### WHAT TO WORK ON
Restate exactly the lines that run from the start of the records below to the line containing "Bulky bottles, be", counting both ends, and nothing else; pictures stay out.

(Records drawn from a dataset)
───

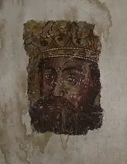 ![]() Fresco del príncipe Lazar Hrebeljanović en el monasterio de Ravanica, Serbia. | ||
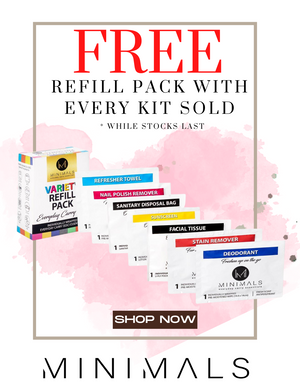 Bulky bottles, be gone! Light weight & ultra-compact, the Minimals EDC Kit is designed to keep your everyday essentials neatly tucked away for those "uh-oh” moments when you need them most. From spills & dry lips, to sneezes & sun protection, this 20-piece kit has you covered!
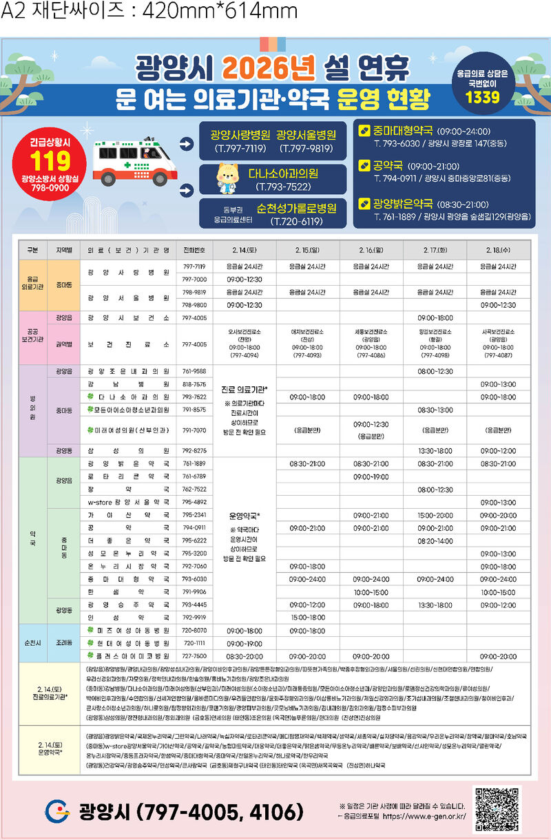 연휴 동안 지역 응급의료기관인 ▲광양사랑병원 ▲광양서울병원 등 2개소는 응급실을 24시간 비상체제로 운영하며, 관내 병·의원 105개소, 보건의료기관 6개소, 휴일지킴이 약국 46개소가 문을 열어 의료 서비스를 제공한다.
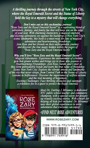 A thrilling journey through the streets of New York City, where the Royal Emerald Secret and the Statue of Liberty hold the key to a mystery that will change everything. Don't Miss Out on This Enchanting Journey! "Rose Zary and the Royal Emerald Secret" is a captivating blend of adventure, fantasy, and family fun that will keep you on the edge of your seat. With charming characters, a magical emerald, and exciting adventures set against the backdrop of New York City's iconic landmarks, this book is a must-read for fans of magical adventures and heartwarming friendships. Join Rose and her friends on their unforgettable journey and discover the true magic hidden within the pages of "Rose Zary and the Royal Emerald Secret." Why You'll Love "Rose Zary and the Royal Emerald Secret": ¿ Magical Adventures: Experience the enchantment of a hidden gem that grants wishes and brings joy to those who possess it. ¿ Heartwarming Friendships: Join Rose, Sarah, and Conor as they form unbreakable bonds and learn the true value of friendship. ¿ Iconic New York City: Explore the vibrant streets and landmarks of the city that never sleeps, from Central Park to the Statue of Liberty. ¿ Lessons in Selflessness: Discover the importance of selfless actions and the real meaning of happiness. ¿ Exciting Challenges: Face thrilling obstacles and outsmart a relentless foe in a quest to protect the Royal Emerald. What Readers Are Saying: "I couldn't put it down! The adventures were so exciting, and I loved the friendship between Rose, Sarah, and Conor." - Emma, age 10 "A perfect blend of magic and real-life lessons. My daughter and I loved reading it together." - Mom of Lily, age 8 "The best part was exploring New York City with the characters. It felt like I was right there with them!" - Max, age 11 Don't wait-embark on this enchanting adventure today and experience the magic for yourself!
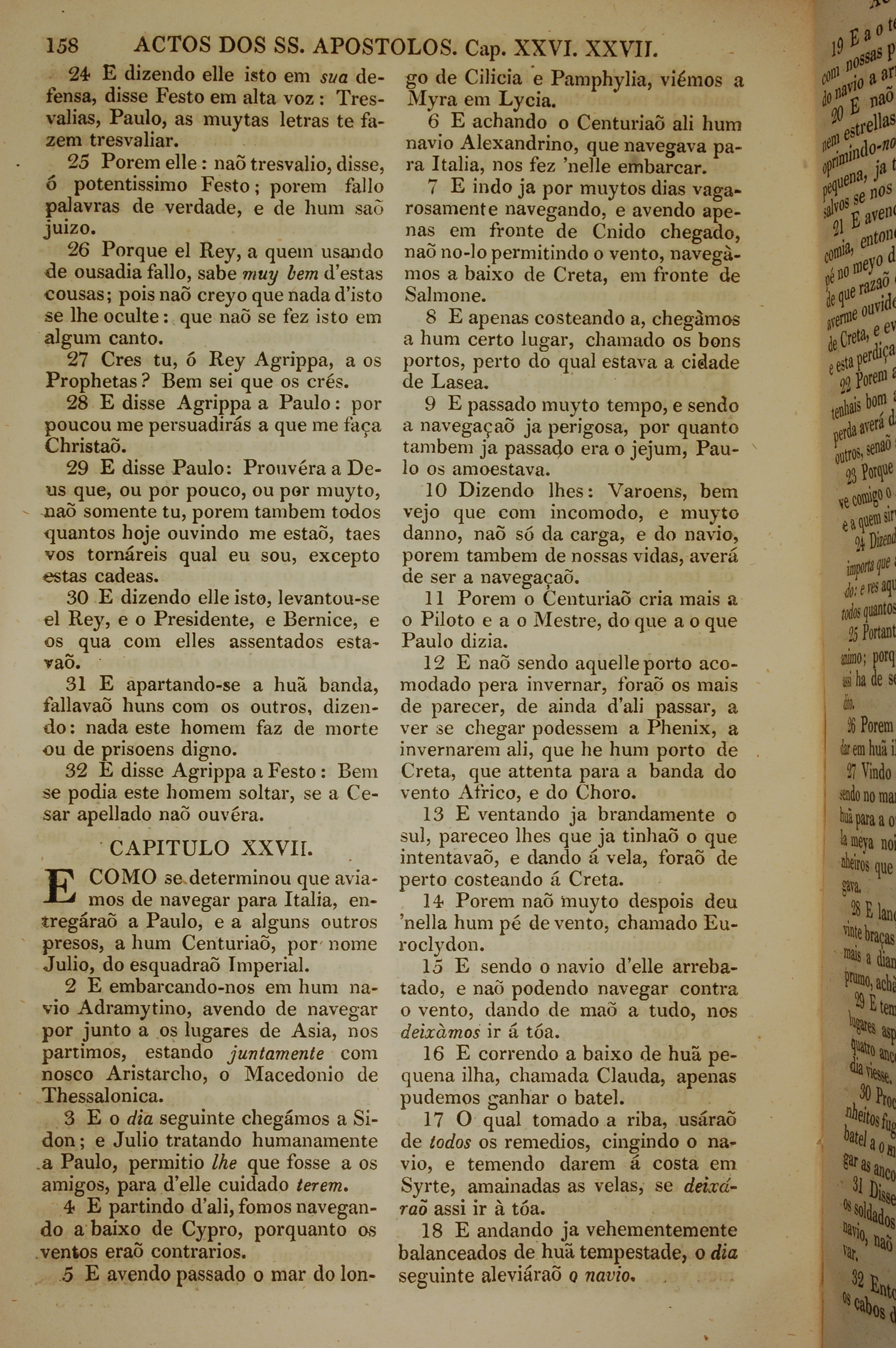 1819年葡萄牙語新約全書 使徒行傳 26 章 24 節到 27 章 18 節
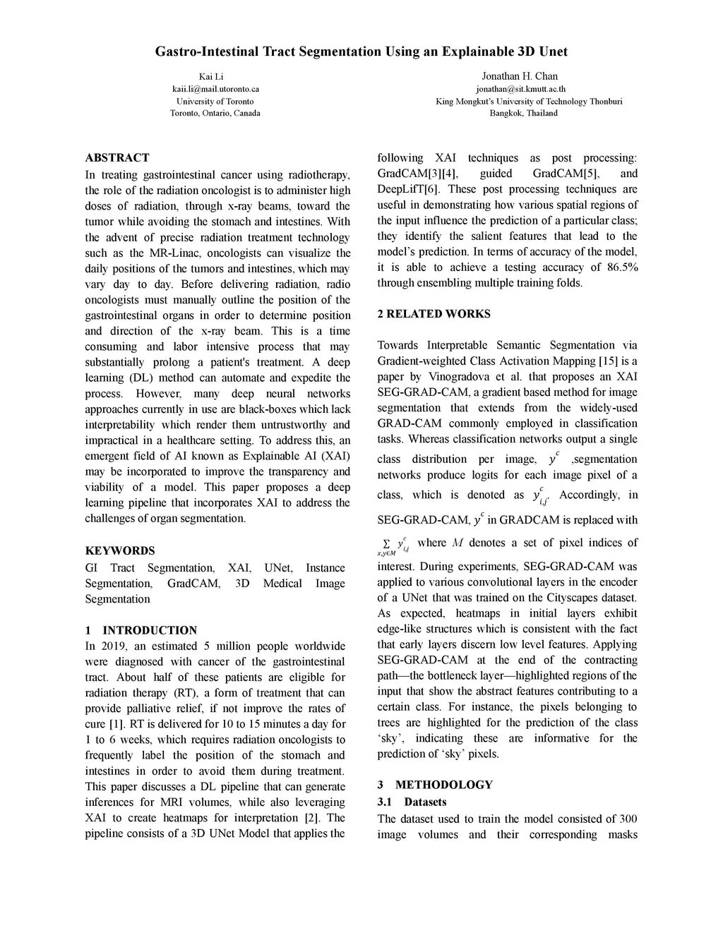 Gastro-Intestinal Tract Segmentation Using an Explainable 3D Unet
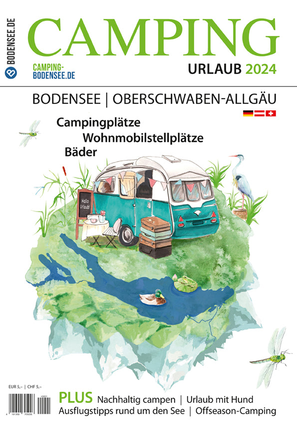 Labhards „CAMPING Urlaub“ 2024 führt zielgerichtet und informativ zu den besten Campingplätzen rund um den Bodensee, im Allgäu und in Oberschwaben und legt dabei großen Wert auf Nachhaltigkeit und sanften Tourismus. Als Orientierungshilfe sind besonders umweltbewusste Campingplätze mit dem ECOCAMPING-Logo gekennzeichnet. Neben einer umfassende Aufstellung der Wohnmobil-Stellplätze rund um den See und den schönsten Strandbädern gibt es viele redaktionelle Hinweise und Tipps für erlebnisreiche Ausflüge, Fahrradtouren, Urlaub mit Hund, Familienferien, Wassersport, Off-Season-Camping u.v.m.

───

### RESULT OF THIS TASK
 ![]() Fresco del príncipe Lazar Hrebeljanović en el monasterio de Ravanica, Serbia. | ||
 Bulky bottles, be gone! Light weight & ultra-compact, the Minimals EDC Kit is designed to keep your everyday essentials neatly tucked away for those "uh-oh” moments when you need them most. From spills & dry lips, to sneezes & sun protection, this 20-piece kit has you covered!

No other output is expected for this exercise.